Невыносимость духовного и материального бытия заставляли погружаться глубоко в себя, и в то же время, делали поэта замкнутым и отдаленным. В стихах звучала предельная обнаженность, крик потерянного до отчаяния человека. Подчас поэты, больше, чем кто бы то ни был, чувствовали себя в этом новом для них мире ненужными, лишними. И тогда, как неизбежный выход из создавшегося кошмара, они видели только в обращении к другому, неизведанному миру — миру снов и иллюзий. Ожидание чего-то нового, некой «волшебной палочки», которая выведет из тьмы сознания на свет божий, вело к мистицизму, метафизическому восприятию мира.
Человек может стремиться преодолеть свое одиночество не столь через жизнь в «коллективном сознании», сколь через познание или через изменение своего «я». Через одиночество рождается новое «я», новая личность, самопознание и самосознание. Познание самого себя через одиночество стало углубленной концепцией, которая нашла свое отражение в литературном творчестве. И всё же, человек не может существовать долго в полной изоляции, как внутренней, так и внешней — его влечет к другому «я», к тайному окну в другой мир, к Богу. И, таким образом, общение с окружающим миром, творчество и любовь не только к «ближнему своему», но и к Богу могли помочь поэту выйти из состояния одиночества, из замкнутого пространства, в котором он оказался волею судьбы. Чтобы выстоять, нужна была вера, нужен был тот свет, который бы показал путь к истине и добру. Этим светом явилась вера в Бога, без которого человек подчас одинок. Таким ненужным, «лишним» человеком чувствовал себя и любимец эмигрантской публики, поэт Владимир Смоленский.
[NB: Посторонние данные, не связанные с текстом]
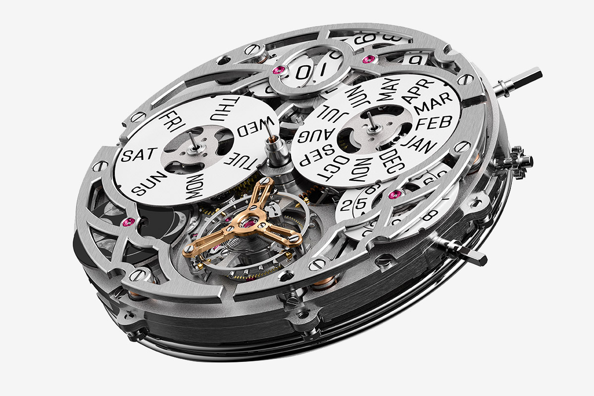 Deux correcteurs additionnels sont discrètement placés dans le fond de boîte, accessible grâce à un poussoir dédié à 6 heures. Alors que l’un ajuste le jour de la semaine, l’autre, marqué d’un croissant, corrige la lune astronomique. L’ouverture du fond révèle également la table d’harmonie en saphir de la Supersonnerie. Dévoilant le fonctionnement interne du mouvement, le fond secret s’ouvre à 180°, révélant également le cadran principal et le Calendrier Universel.

Я не хочу поднять тяжелых век,
Там те же звезды, в том же мраке стынут.
Как одинок бывает человек,
Когда он Богом на земле покинут.
В 1933 году в газете «Возрождение» появилась статья русского философа И. А. Ильина под названием «Одинокий художник». Это время было переломным для многих русских литераторов, оказавшихся вдали от родины, на чужой земле. Оторванность от привычного окружения, от близких им людей, замкнутость, изоляция — все это порождало особенно глубоко пессимистическую ноту в поэзии:
Как жутко это полу-бытие,
Иной какой-то жизни отраженье,
Как страшно одиночество моё,
Ненужное, бесплодное горенье.
Игорь Воинов
Однако в четырех стенах замкнутого пространства они продолжают творить свое, новое «я»: созерцательное или внутренне преображенное, обращенное к невидимому читателю. Иногда это была мольба, порою — молитва, крик души:
Тот же звон трамваев и авто.
Грустно пахнет зеленью и хлебом.
Все, как было: все — не то, не то.
Ты забыл, что наша жизнь смертельна,
Ты кричишь в надежде беспредельной.
Не услышит — никогда — никто.
Довид Кнут
Или это — чувство глубокой печали о невозвратном:
Одинокий, опечаленный
Провожу я день за днём;
В сердце — черные развалины,
Все сгорело, всё — в былом.
Так писал поэт Илья Британ, расстрелянный немцами, как заложник. «Каждый художник по-своему видит всё: и внешний, материальный мир, и внутренний мир души, и заумный мир духовных обстояний» — писал И. Ильин в той же статье. Конечно, у каждого художника было свое духовное «внутреннее» видение мира, в зависимости от своих «душевно-духовных сил», которые особенно обострялись в одиночестве. И тогда часто собеседником поэта становился Бог. Поэт сосредотачивается на своем внутреннем мироощущении, пытаясь понять и заглянуть в недоступный глазу мир, в тайну Вселенной, передавая эти ощущения с помощью слов, окрашенных поэтической эмоцией автора, открывая читателю глубокие раны сердца. Одной из самых одиноких среди поэтов первой волны, наверное, можно было бы назвать Марину Цветаеву.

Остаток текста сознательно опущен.